Print the data below verbatim, minus images.

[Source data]

+++

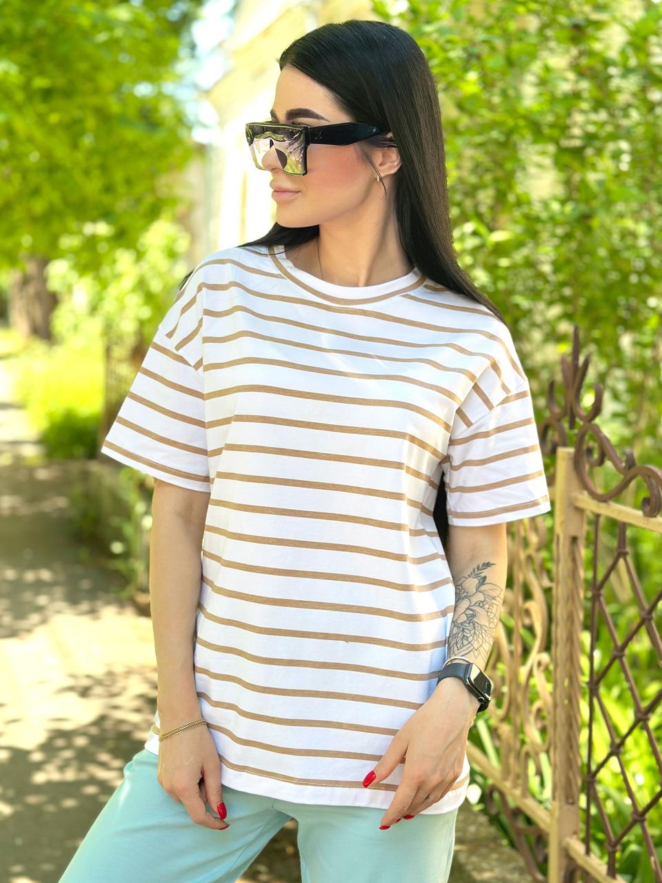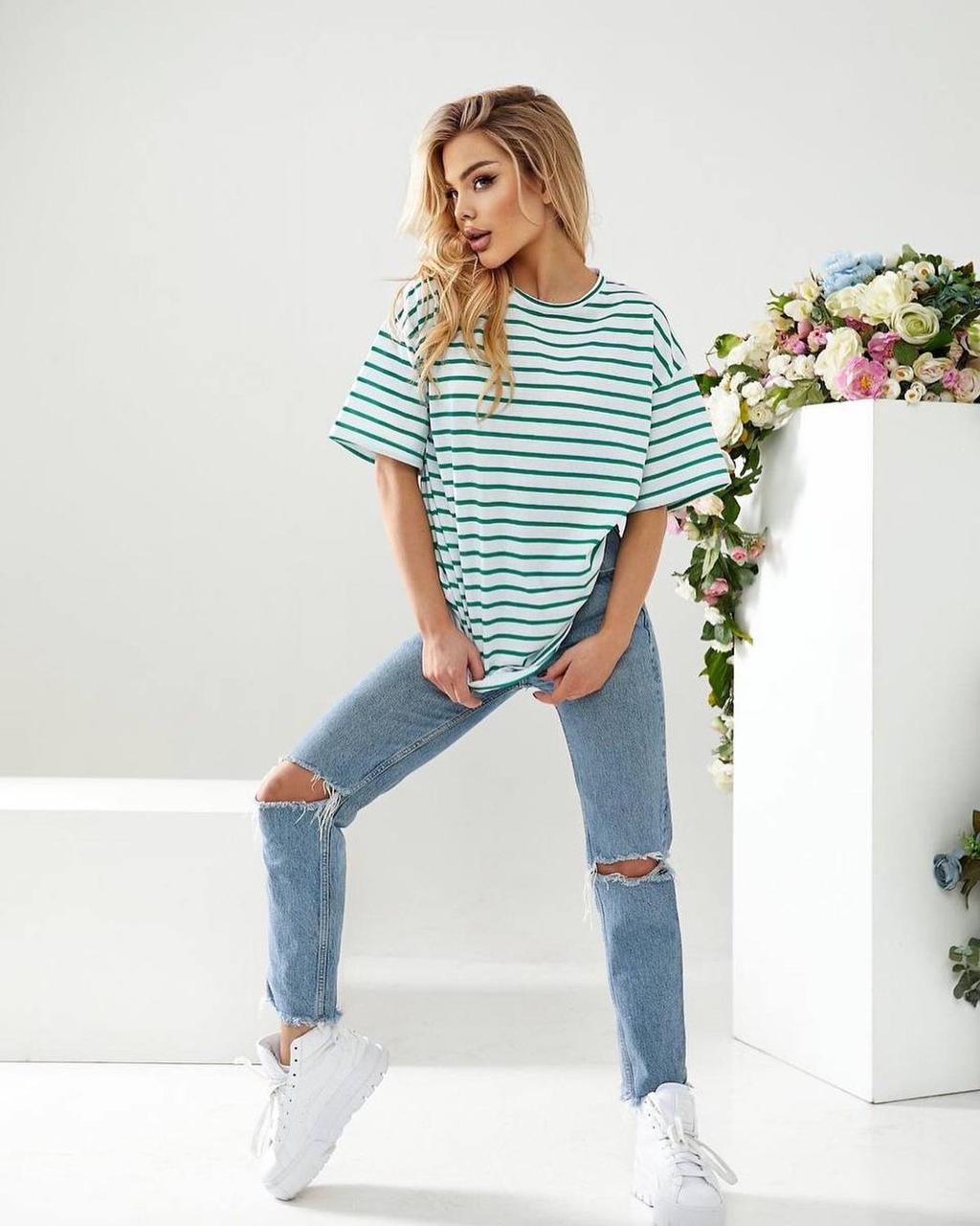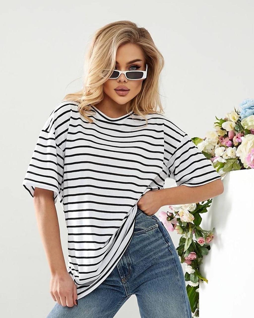 Подовжена смугаста футболка – універсальна модель. Її можна носити із шортами, широкими або звуженими джинсами, лосинами чи брюками. Така футболка чудово підійде як для прогулянки чи поїздки на відпочинок, так і для звичайного робочого дня: завдяки спокійній палітрі образ не виглядатиме зухвало.
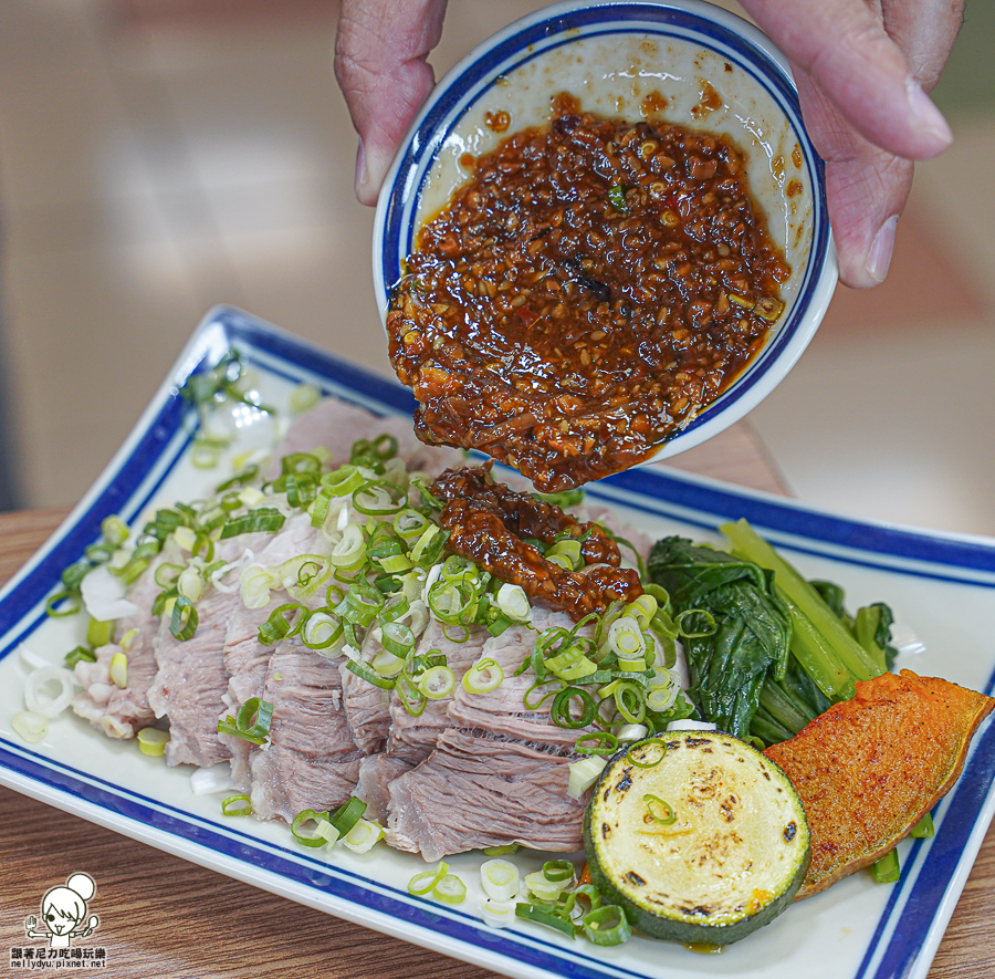 隱藏版新菜 椒麻青蔥蒜泥白肉,大量的蔥花、搭配主廚秘製椒麻醬
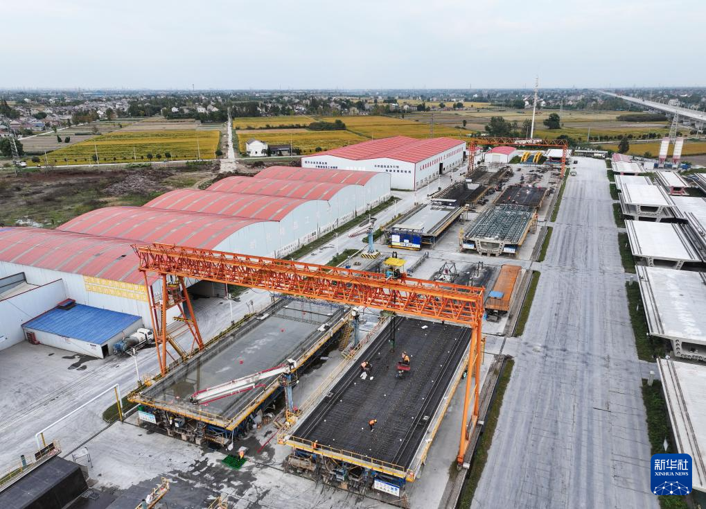 10月27日拍摄的中铁十一局沪渝蓉高铁沪宁段搬经制梁场作业现场(无人机照片)。
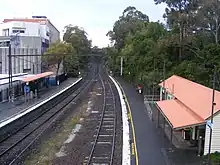 Heyington railway station is a commuter railway station in Toorak, a suburb of Melbourne, Victoria, Australia. The station opened on 24 March 1890 as part of the branch line from Burnley to Waverley Road station.[3] The station consists of two side platforms accessed by a pedestrian bridge. There is one principal station building located on Platform 1. This buildings is single-storey and act as toilet, automated ticketing, and PSO facilities.[4] These buildings were provided in 1975 as part of the station rebuild.[5] The station is the only station in Melbourne to feature stair only access, subsequently making the station fully inaccessible.[6]
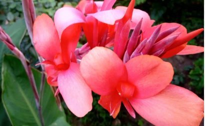 20 Seeds Heirloom Canna Lily Pink Redish Orange Blooms with Green Leaves
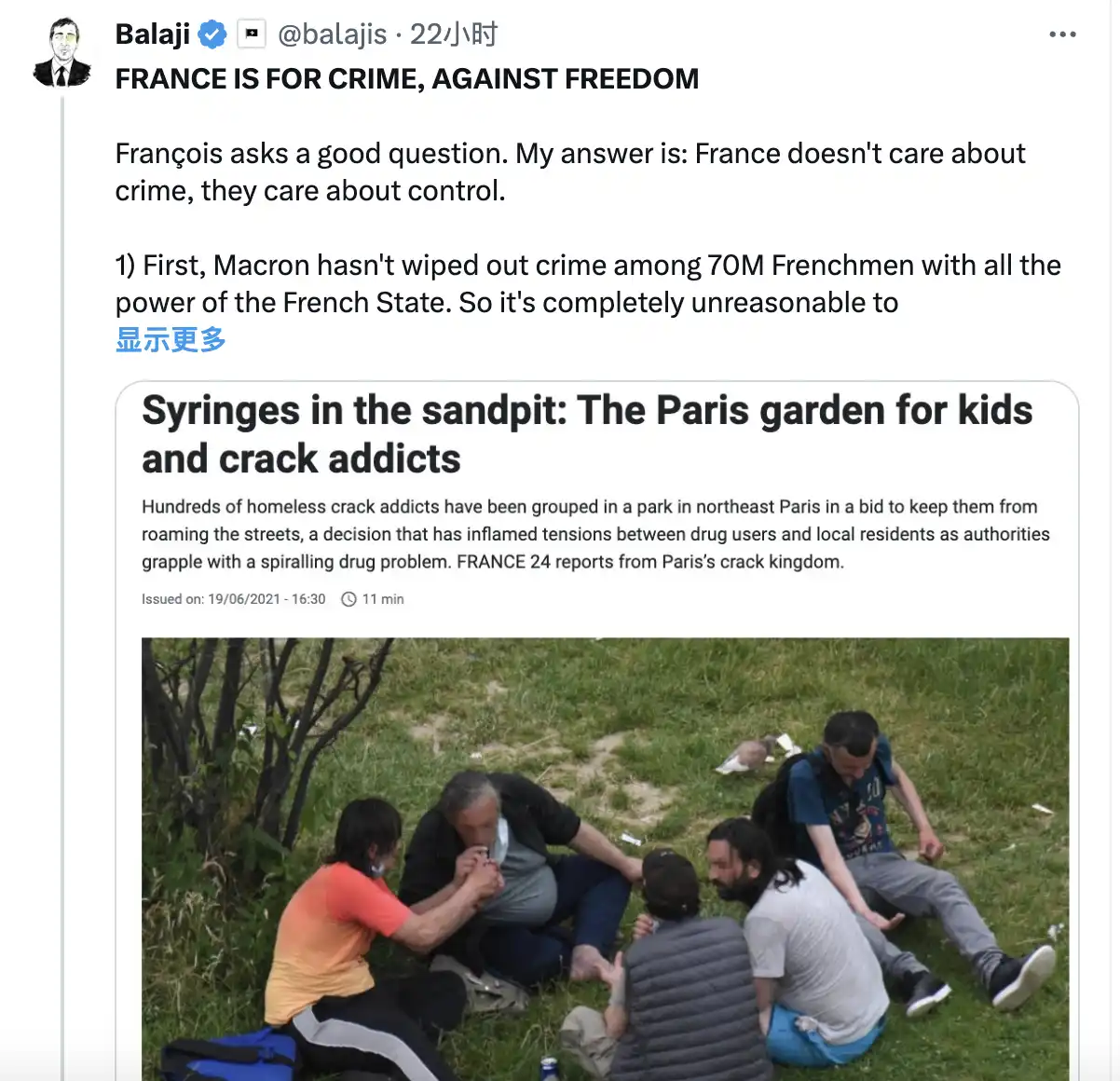 Balaji 指出:「法国不在乎犯罪,他们在乎的是控制。Macron 尚未能在 7000 万法国人中消除犯罪,却期待 Durov 用微薄的内容审核力量管理 10 亿 Telegram 用户,这完全不合理。」

+++

▶ [Answer to this task]:
 Подовжена смугаста футболка – універсальна модель. Її можна носити із шортами, широкими або звуженими джинсами, лосинами чи брюками. Така футболка чудово підійде як для прогулянки чи поїздки на відпочинок, так і для звичайного робочого дня: завдяки спокійній палітрі образ не виглядатиме зухвало.
 隱藏版新菜 椒麻青蔥蒜泥白肉,大量的蔥花、搭配主廚秘製椒麻醬
 10月27日拍摄的中铁十一局沪渝蓉高铁沪宁段搬经制梁场作业现场(无人机照片)。
 Heyington railway station is a commuter railway station in Toorak, a suburb of Melbourne, Victoria, Australia. The station opened on 24 March 1890 as part of the branch line from Burnley to Waverley Road station.[3] The station consists of two side platforms accessed by a pedestrian bridge. There is one principal station building located on Platform 1. This buildings is single-storey and act as toilet, automated ticketing, and PSO facilities.[4] These buildings were provided in 1975 as part of the station rebuild.[5] The station is the only station in Melbourne to feature stair only access, subsequently making the station fully inaccessible.[6]
 20 Seeds Heirloom Canna Lily Pink Redish Orange Blooms with Green Leaves
 Balaji 指出:「法国不在乎犯罪,他们在乎的是控制。Macron 尚未能在 7000 万法国人中消除犯罪,却期待 Durov 用微薄的内容审核力量管理 10 亿 Telegram 用户,这完全不合理。」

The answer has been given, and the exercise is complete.